# Asus eah 5450  good or not



## soyab0007 (Jul 30, 2011)

*Asus eah 5450 or Palit gt 240 ddr5 512mb*

A member in other forum is selling me asus eah 5450 1gb ddr3 for 1400rs.....
card is 6months old..
my current rig is
intel e2140 @ 1.6ghz
gigabyte g41 
transcend 1gb ddr2 800mhz
iball stock psu
samsung sync master 720n  17"inch ..

i would like to know if this card would be a good purchase for me or not...
bcoz i am at very low budget and for the past few months looking for vfm gfx card...

can this card handle games like ashes cricket, gta 4, dirt 2....

my onboard graphics cannot handle above games....
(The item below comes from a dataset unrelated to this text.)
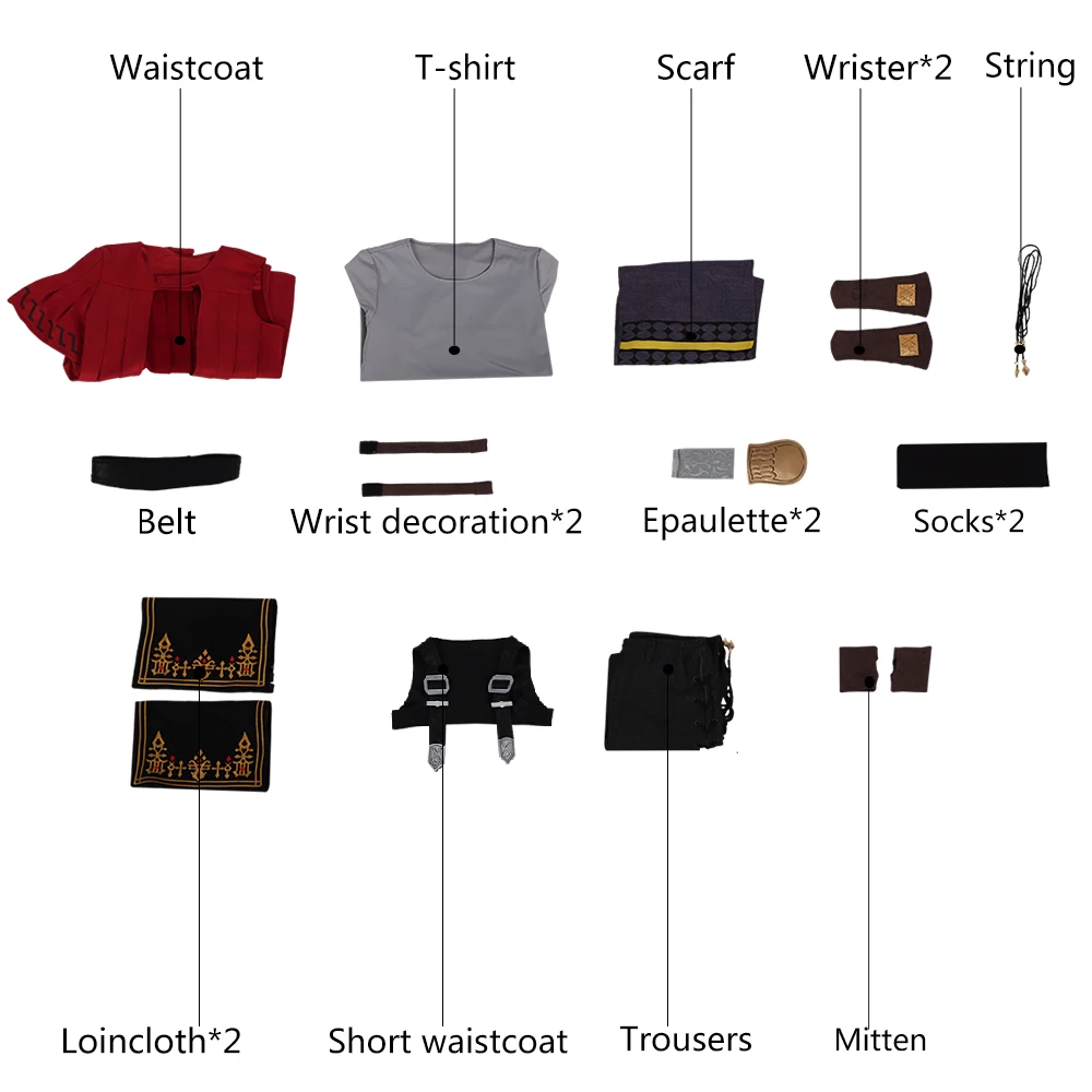 Посылка включает:Жилет, футболка, брюки, шарф, тканевая ткань, короткий жилет, wrister * 2, стринги, ремень, украшение на запястье, epaulette * 2, носок * 2, варежки

so will it be a wise purchase for me...


----------



## saswat23 (Jul 30, 2011)

5450 is not a gaming card at all. Better increase your budget and get atleast:
NVIDIA 9500GT 1GB -- 2.8k
HD 4650 1GB -- 2.6k
HD 4670 1GB -- 2.9k
any of the above cards can handle the games at decent settings in your PC.
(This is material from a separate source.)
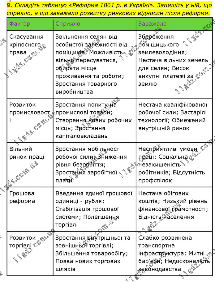 Складіть таблицю «Реформа 1861 р. в Україні». Запишіть у ній, що сприяло, а що заважало розвитку ринкових відносин після реформи.
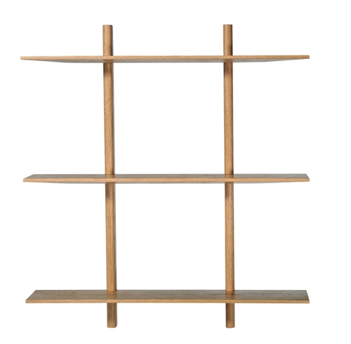 Hyldesystemet består af 3 hylder, som er designet med underfræste kanter, hvilket er med til at give hylderne i egetræ et helt unikt udtryk, som oser af håndværkstraditioner.

Its better to go with HD 4670..


----------



## soyab0007 (Jul 30, 2011)

but going for hd4670 also i have to change my psu and i am very low budget...
will it not be able to handle any games like ashes cricket as well


----------



## saswat23 (Jul 30, 2011)

I think it can handle ashes cricket, but better go with HD4650 or HD4670 with a 500W PSU at-least..


----------



## soyab0007 (Jul 30, 2011)

what will be the price for used hd 4670?

can my psu handle 5450 at max load


----------



## saswat23 (Jul 30, 2011)

A used one will come around 2.5k atleast.. 
BTW whats the wattage of your PSU..


----------



## soyab0007 (Jul 30, 2011)

i ball 400w psu


----------



## saswat23 (Jul 30, 2011)

Though its not recommended but i think it can handle coz my friend is running his HD4650 on a local PSU w/o any problems for the last 2yrs..


----------



## coderunknown (Jul 31, 2011)

for 1.4k i don't think you'll get any better card. for now grab it. 
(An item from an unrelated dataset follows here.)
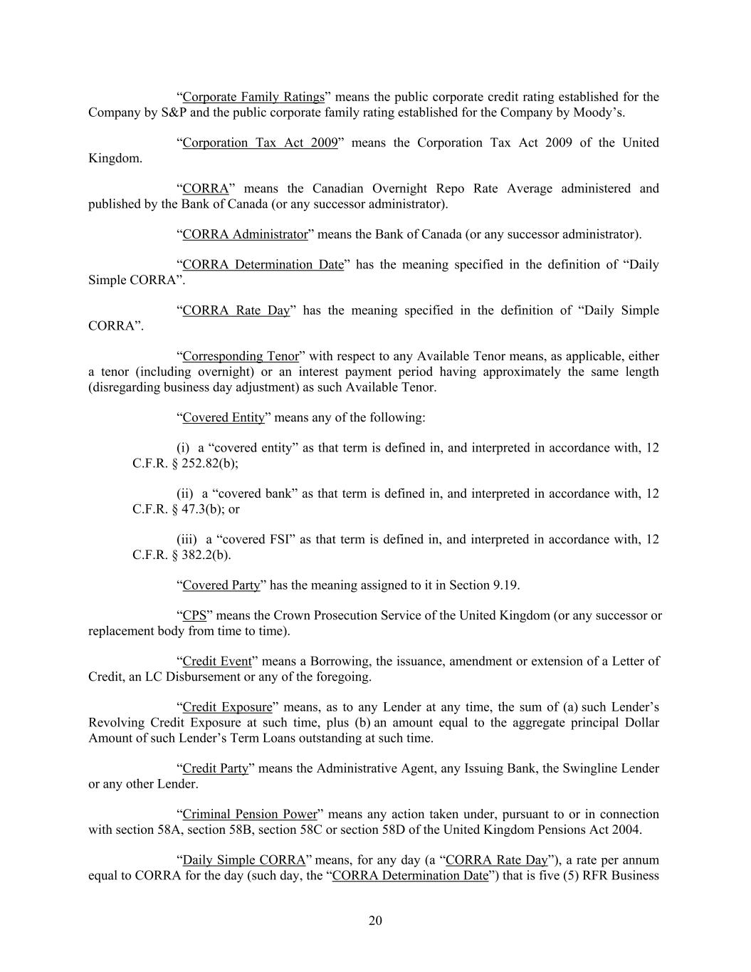 “Corporate Family Ratings” means the public corporate credit rating established for the Company by S&P and the public corporate family rating established for the Company by Moody’s. “Corporation Tax Act 2009” means the Corporation Tax Act 2009 of the United Kingdom. “CORRA” means the Canadian Overnight Repo Rate Average administered and published by the Bank of Canada (or any successor administrator). “CORRA Administrator” means the Bank of Canada (or any successor administrator). “CORRA Determination Date” has the meaning specified in the definition of “Daily Simple CORRA”. “CORRA Rate Day” has the meaning specified in the definition of “Daily Simple CORRA”. “Corresponding Tenor” with respect to any Available Tenor means, as applicable, either a tenor (including overnight) or an interest payment period having approximately the same length (disregarding business day adjustment) as such Available Tenor. “Covered Entity” means any of the following: (i) a “covered entity” as that term is defined in, and interpreted in accordance with, 12 C.F.R. § 252.82(b); (ii) a “covered bank” as that term is defined in, and interpreted in accordance with, 12 C.F.R. § 47.3(b); or (iii) a “covered FSI” as that term is defined in, and interpreted in accordance with, 12 C.F.R. § 382.2(b). “Covered Party” has the meaning assigned to it in Section 9.19. “CPS” means the Crown Prosecution Service of the United Kingdom (or any successor or replacement body from time to time). “Credit Event” means a Borrowing, the issuance, amendment or extension of a Letter of Credit, an LC Disbursement or any of the foregoing. “Credit Exposure” means, as to any Lender at any time, the sum of (a) such Lender’s Revolving Credit Exposure at such time, plus (b) an amount equal to the aggregate principal Dollar Amount of such Lender’s Term Loans outstanding at such time. “Credit Party” means the Administrative Agent, any Issuing Bank, the Swingline Lender or any other Lender. “Criminal Pension Power” means any action taken under, pursuant to or in connection with section 58A, section 58B, section 58C or section 58D of the United Kingdom Pensions Act 2004. “Daily Simple CORRA” means, for any day (a “CORRA Rate Day”), a rate per annum equal to CORRA for the day (such day, the “CORRA Determination Date”) that is five (5) RFR Business 20

if you later can increase your budget, replace it with something fast (HD5570/GT240 type).


----------



## soyab0007 (Aug 1, 2011)

with 1.5k budget can i get any used card better than 5450
bcoz deal is on monday and looking for quick response...
thanks for taking interest in this thread


----------



## vaibhav23 (Aug 1, 2011)

5450 takes only 20W on max load


----------



## saswat23 (Aug 1, 2011)

If you are really on a tight budget, then grab this Asus 5450


----------



## cute.bandar (Aug 1, 2011)

> i would like to know if this card would be a good purchase for me or not...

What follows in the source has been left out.